L’orrore della pulizia etnica raccontato attraverso gli occhi di chi, negli anni Novanta, quella guerra la subiva tra i banchi di scuola. A Lecce, nella sala conferenze del Rettorato dell’Università del Salento, la presentazione del volume “Sarajevo, dalla guerra alla pace. Trent’anni dopo”. All’incontro, presieduto da Francesco Somaini, hanno partecipato i docenti Monica Genesin, Daniele De Luca e Ubaldo Villani Lubelli. Un confronto aperto dal saluto del rettore Maria Antonietta Aiello.

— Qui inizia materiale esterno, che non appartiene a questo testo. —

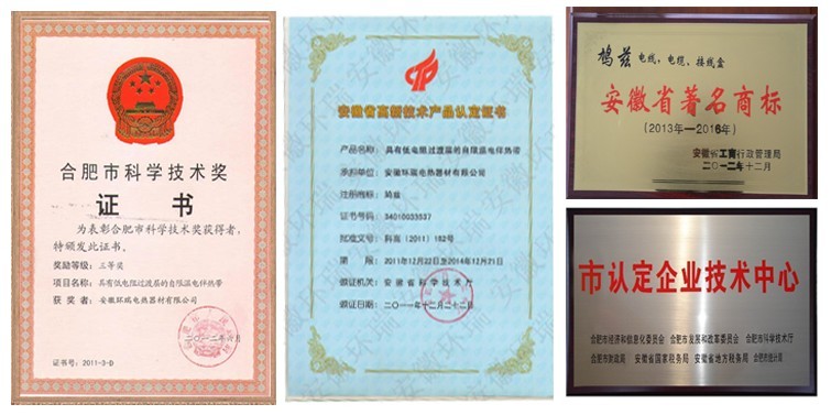 安徽環(huán)瑞擁有21項(xiàng)自主知識(shí)產(chǎn)權(quán),其中包括:2項(xiàng)國(guó)家發(fā)明專利;4項(xiàng)新型電伴熱帶、發(fā)熱電纜生產(chǎn)核心技術(shù)(1、雙層共擠技術(shù),2、束代絞預(yù)恒張力絞線,3、一體化熱線冷線隱式拼接,4、三層共擠技術(shù));5項(xiàng)核心新型產(chǎn)品(1、具有低電阻過渡層的電伴熱帶,2、一種安全塑料體的電伴熱帶,3耐高溫耐磨的發(fā)熱電纜,4、太陽能熱利用電伴熱帶,5、新型長(zhǎng)距離并聯(lián)、串聯(lián)恒功率電熱帶);10項(xiàng)行業(yè)專用電伴熱帶(消防專用電伴熱帶、電廠煙氣脫硫?qū)S秒姛釒А⑻柲軣崴鞅举|(zhì)安全型電熱帶、石油管道伴熱專用電熱帶、汗蒸房專用電熱帶、天溝融雪專用發(fā)熱電纜、混凝土養(yǎng)護(hù)專用發(fā)熱電纜、畜牧養(yǎng)殖專用發(fā)熱電纜等)。安徽環(huán)瑞憑借此項(xiàng)榮譽(yù)獲得了省科學(xué)技術(shù)獎(jiǎng)、高新技術(shù)產(chǎn)品證書及國(guó)家地暖行業(yè)、省建設(shè)廳榮譽(yù)推廣證書。
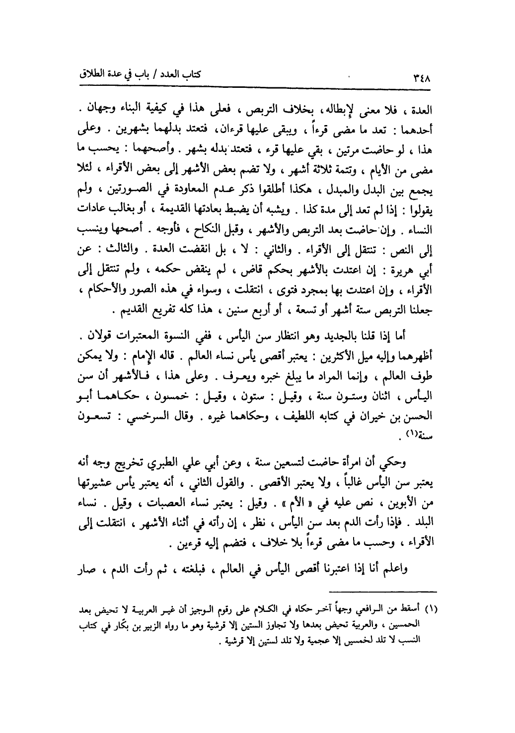 العدة، فلا معنى لابطاله، بخلاف التربص، فعلى هذا في كيفية البناء وجهان. أحدهما: تعد ما مضى قرءا، ويبقى عليها قرآن، فتعتد بدلهما بشهرين. وعلى هذا، لو حاضت مرتين، بقي عليها قرء، فتعتد بدله بشهر. وأصحهما: يحسب ما مضى من الايام، وتتمة ثلاثة أشهر، ولا تضم بعض الاشهر إلى بعض الاقراء، لئلا يجمع بين البدل والمبدل، هكذا أطلقوا ذكر عدم المعاودة في الصورتين، ولم يقولوا: إذا لم تعد إلى مدة كذا. ويشبه أن يضبط بعادتها القديمة، أو بغالب عادات النساء. وإن حاضت بعد التربص والاشهر، وقبل النكاح، فأوجه. أصحها وينسب إلى النص: تنتقل إلى الاقراء. والثاني: لا، بل انقضت العدة. والثالث: عن أبي هريرة: إن اعتدت بالاشهر بحكم قاض، لم ينقض حكمه، ولم تنتقل إلى الاقراء، وإن اعتدت بها بمجرد فتوى، انتقلت، وسواء في هذه الصور والاحكام، جعلنا التربص ستة أشهر أو تسعة، أو أربع سنين، هذا كله تفريع القديم. أما إذا قلنا بالجديد وهو انتظار سن اليأس، ففي النسوة المعتبرات قولان. أظهرهما وإليه ميل الاكثرين: يعتبر أقصى يأس نساء العالم. قال الامام: ولا يمكن طوف العالم، وإنما المراد ما يبلغ خبره ويعرف. وعلى هذا، فالاشهر أن سن اليأس، اثنان وستون سنة، وقيل: ستون، وقيل: خمسون، حكاهما أبو الحسن بن خيران في كتابه اللطيف، وحكاهما غيره. وقال السرخسي: تسعون سنة. وحكي أن إمرأة حاضت لتسعين سنة، وعن أبي علي الطبري تخريج وجه أنه يعتبر سن اليأس غالبا، ولا يعتبر الاقصى. والقول الثاني، أنه يعتبر يأس عشيرتها من الابوين، نص عليه في الام. وقيل: يعتبر نساء العصبات، وقيل: نساء البلد. فإذا رأت الدم بعد سن اليأس، نظر، إن رأته في أثناء الاشهر، انتقلت إلى الاقراء، وحسب ما مضى قرءا بلا خلاف، فتضم إليه قرءين. واعلم أنا إذا اعتبرنا أقصى اليأس في العالم، فبلغته، ثم رأت الدم، صار
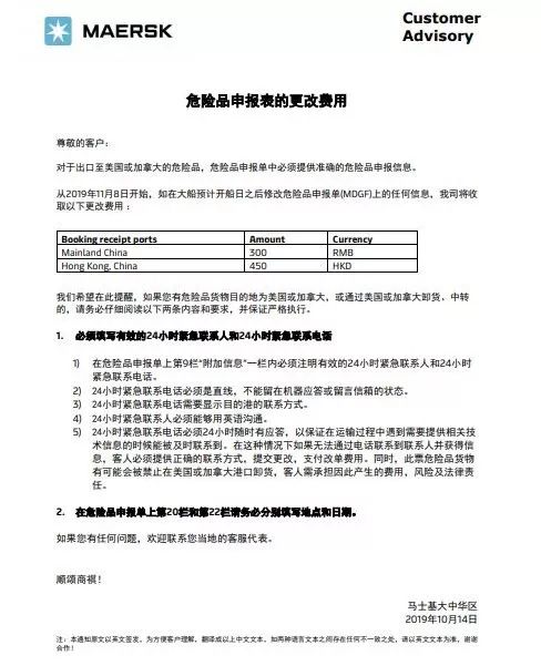 出口至美國或加拿大的危險品,危險品申報單中必須提供準確的危險品申報信息。從2019年11月8日開始,如在大船預(yù)計開船日之后修改危險品申報單(MDGF)上的任何信息,馬士基將收取更改費。
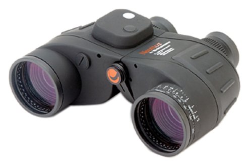 The Oceana Series from Celestron features waterproof models for marine use. All are rubber covered to protect against rough handling. All provide maximum optical performance with BAK-4 prisms and multi-coatings for sharp images with high contrast and resolution. Each model has a large, 50mm objective lens to offer maximum image brightness even in low light conditions, like dusk and dawn. PRODUCT FEATURES: Backlit illuminated liquid dampened magnetic compass - excellent navigational tool for land or sea; Horizontal and vertical etched reticle to help determine relative size of objects; Rangefinding dial calculates actual object distance or size; Completely waterproof - dry nitrogen charged and sealed with internal O-rings to prevent internal fogging - unaffected by climate and temperature changes; Individual eyepiece focus with diopter scale for quick and accurate focusing; Excellent depth of field for minimal focus adjustments; Nautical style padded canvas case and straps; Attached objective caps; Tripod adapter fitting for tripod mounting.
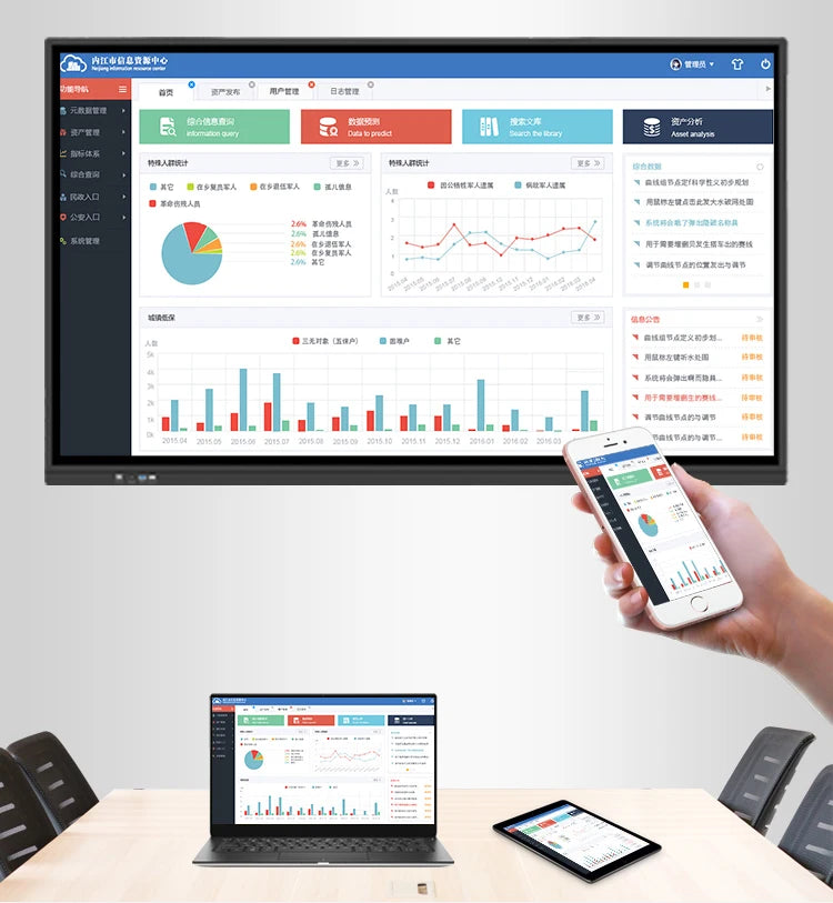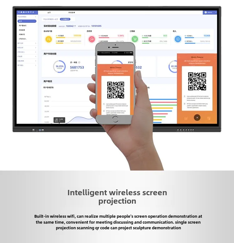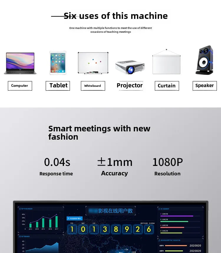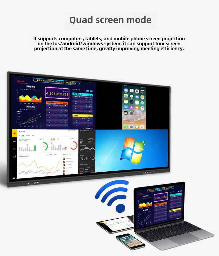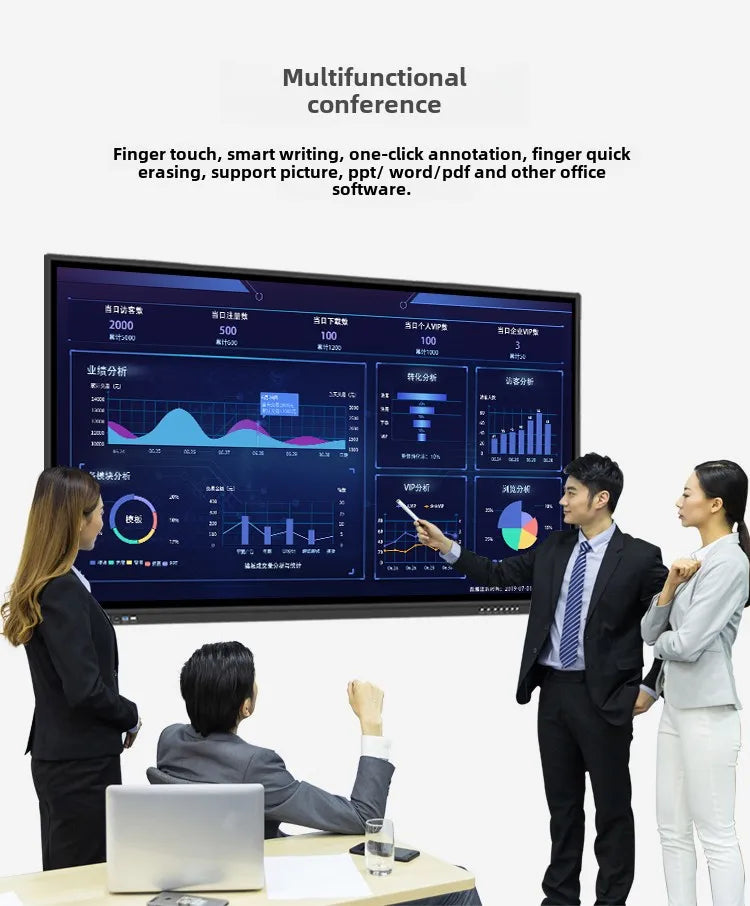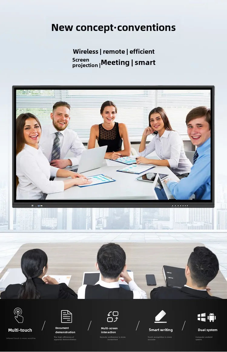Equipped with infrared and capacitive touch technology, users can interact using pen or finger for seamless note-taking and presentations. The device supports Windows 10 and Android systems, providing flexibility across software platforms. Connectivity options include VGA, HDMI, LAN, and USB interfaces alongside built-in Wi-Fi for wireless screen transmission. Multiple hardware configurations are available, featuring Intel processors from i3 to i7, SSD storage up to 120GB, and up to 8GB memory, ensuring powerful performance tailored to diverse needs. This smart board enables efficient collaboration, enhances engagement, and streamlines communication in any conference or teaching setting.

L’opera di Franco Giuliano, oltre 300 pagine in doppia lingua, ripercorre i reportage realizzati per la Gazzetta del Mezzogiorno a partire dal 1995. Al centro del racconto ci sono le lettere dei bambini di una scuola multietnica di Sarajevo, missive a cui i coetanei pugliesi risposero con una mobilitazione che portò all’invio di sette tir di regali distribuiti nelle diverse enclave della città. All’interno del volume, attraverso dei qr code si possono vedere e ascoltare (sottotitolate in doppia lingua) le interviste video a cinque ex bambine bosniache rintracciate dopo trent’anni.